Dividend-paying stocks may look attractive in a low-yield market but they are not a substitute for the safety of bonds, according to Vanguard's chief economist.
There is no easy answer to what to do when money market funds, long-term Treasury bond funds and municipal bond funds are yielding miniscule interests, Vanguard chief economist Joe Davis said in his recent blog. Some would turn to dividend-paying stocks, but they don't guaranteed better returns, he said.
"Dividend-paying stocks are not bonds," Davis cautioned. "Indeed, by their name, they are stocks and thus are going to possess more of the risk-and-return attributes of stocks than bonds. Income-focused stock funds, be they dividend-paying funds or REIT funds, tend to correlate with the broader equity market."
As bonds made their slow but steady climb over the last few years, dividend-paying stocks did better sometimes, but not always, and they sometimes underperformed bonds, he said.
Substituting dividend-paying stocks for bonds makes for a more aggressive and more stock-heavy strategic asset allocation, he said.

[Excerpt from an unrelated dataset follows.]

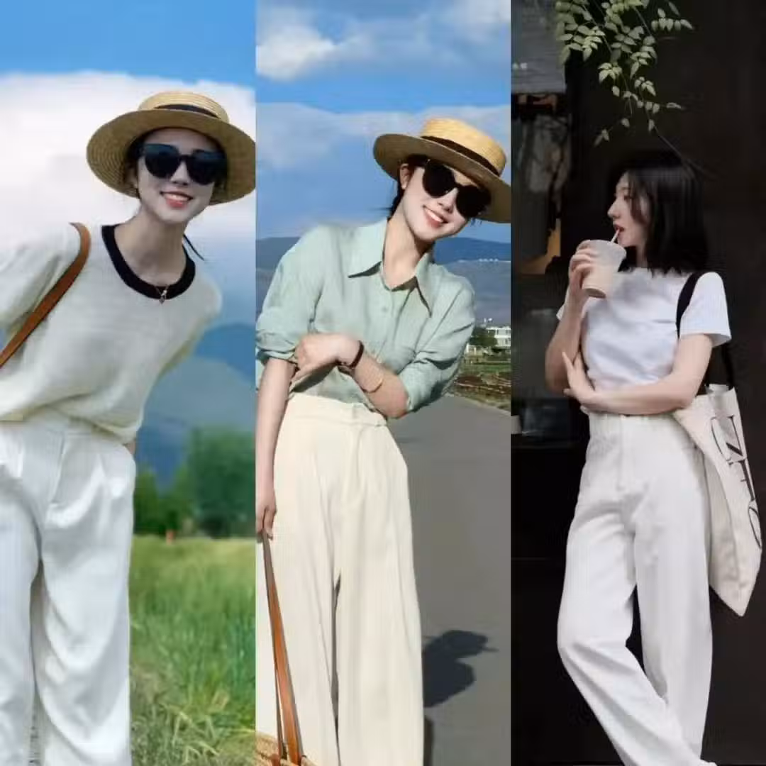 女人褲子不要總穿黑色,還可以試試百搭的白色褲裝,清爽又耐穿

The strategy can lead to higher nominal returns over long periods of time, but that is because stocks are riskier and more volatile than bonds, he said.
"Vanguard believes it is important for investors to view their portfolios from a total return perspective, rather than simply in terms of potential income," Davis said. "If you hope to gain more income by increasing your allocation to higher-yielding bonds or dividend-paying stocks, you should be aware that your portfolio volatility will likely increase as a result."